Average throughput of buffer management algorithms

In a LTE network, multicasting can be done in many different ways. One of the popular method is eMBMS method in which each MAC-PDU (media access control protocol data units) has to be mapped to a TB (transmission block) [13]. The eMBMS method uses a local cache memory to store and receive media. However, it uses a separate software and as discussed in Section 2, these devices should have the same compatibility. In our method, virtual to reality (V= R) mapping is done to cluster each multicast session and does not use any different software to access the virtual memory. It calls and appends using simple call functions used to store/retrieve from the physical buffer. From Fig. 6, it is clear that mapping from virtual memory to physical buffer memory is at a higher rate compared to eMBMS.

Fig. 6
figure 6

Average throughput for a fixed buffer size of 20 mb

5.3 Frame reconstruction probability

We have to ensure that the frames dropped by the sender are reconstructed effectively at the client. In traditional IC (intra-frame coding), the frames are dropped by assuming a statistical model between end-to-end encryption. WZ (Wyner-Ziv) uses hash codes to decode the intermediate frames.

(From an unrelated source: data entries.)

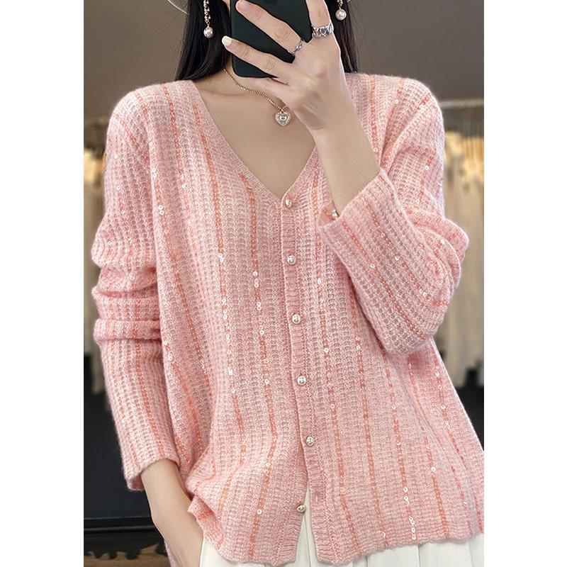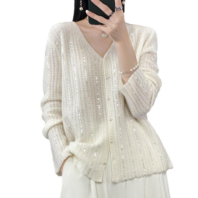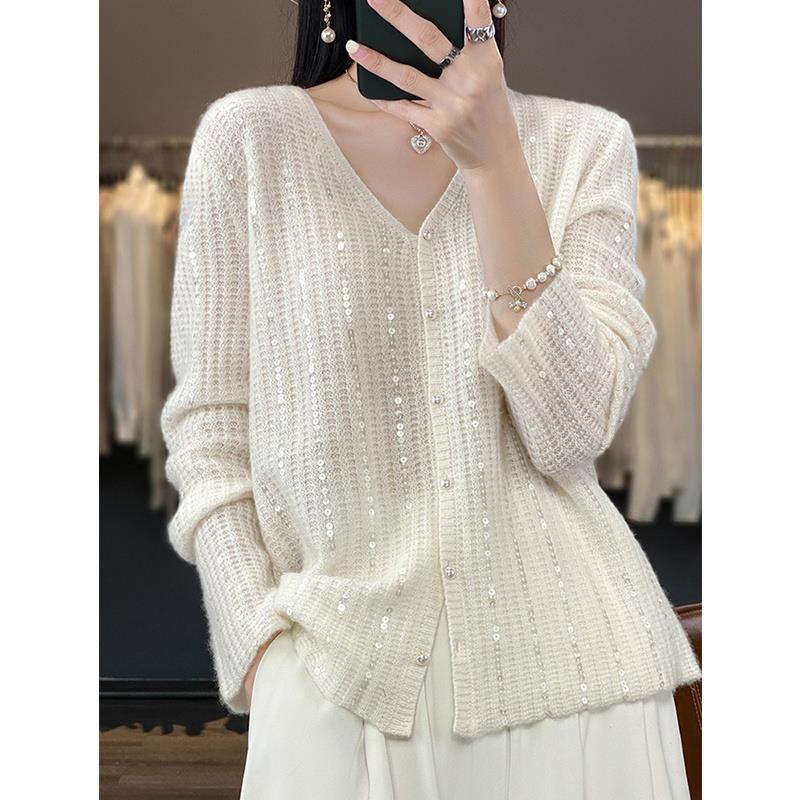 Autumn/Winter 2025 New Cardigan Women's V-Necked Squints Sweater Jacket Loose Pearl Buckle Knitting Top HZ1220
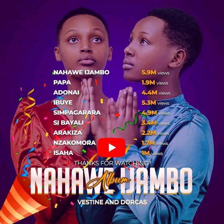 1.Igikundiro aba baririmbyi basanganywe: Kuvuga Vestine na Dorcas muri Gospel ni nko kuvuga equipe ya Rayon Sports ku bakunzi ba ruhago. Kuva ku ndirimbo ya mbere "Nahawe Ijambo" kugeza ku ndirimbo ya cyenda ariyo "Isaha", ni indirimbo zarebwe cyane, ziririmbwa n’abatari bacyeya, zigishwa mu mashuri nka mpara ya 2, ndetse kuri YouTube ntayarebwe n’abantu bari munsi ya miliyoni.
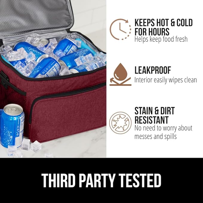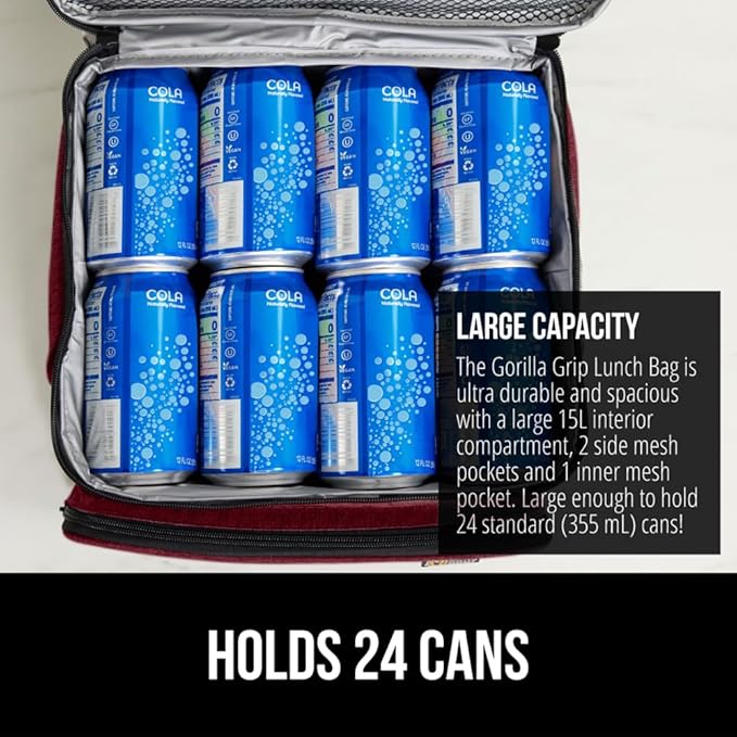 GORILLA GRIP Reusable Insulated Lunch Box Bag for Women Men, XL 15L, Leakproof Soft Cooler Bags, Multiple Compartments, Mesh Pockets and Adjustable Strap, Food Tote Keeps Drinks Cold, 13x9, Burgundy

But without a feedback, when done in VM implemented system, it decodes perfectly using the variance information, derived from our survival function described in Eqs. 68. In Fig. 7, VM implemented system with WZ codec has the highest probability to recover the dropped frames with lesser number of frames available to interpret (GOP < 5).

Fig. 7
figure 7

Probability that a dropped frame is reconstructed effectively

5.4 Pareto distribution

The PDF (Pareto probability density function) and CDF (cumulative distribution function) for our survival function for a multicast group with three different video sequences for α boundary conditions are plotted in Figs. 8 and 9, respectively.

Fig. 8
figure 8

PDF with S im =1 and S i =3

Fig. 9
figure 9

CDF with S im =1 and S i =3

Let us now compare our VM method with other buffer management algorithms which uses a constant feedback and adapts the buffer accordingly. By varying the GoP, the average PSNR and average throughput are shown in Table 2.

Table 2 Performance comparison with other buffer optimization algorithms

6 Conclusion

Additional memory can be used to assist the end-to-end video delivery to alleviate the burden of buffer adaptation from the high bandwidth requirement and rate variability of video traffic. We proposed a framework of virtual memory in streaming server and at the client to reduce the bit rate of video to be streamed, by dropping of frames, based on the variance information, which in turn reduces the bandwidth requirement of clients connected to each multicast group and assists the coding process. By reducing the bit rate by 20% during transmission, we can stream video at much lower transport bandwidth under loaded conditions, by adding a virtual memory framework. Thus, this system follows Pareto principle which is a 20–80% rule which eliminates the need for additional memory requirements in the proxy servers.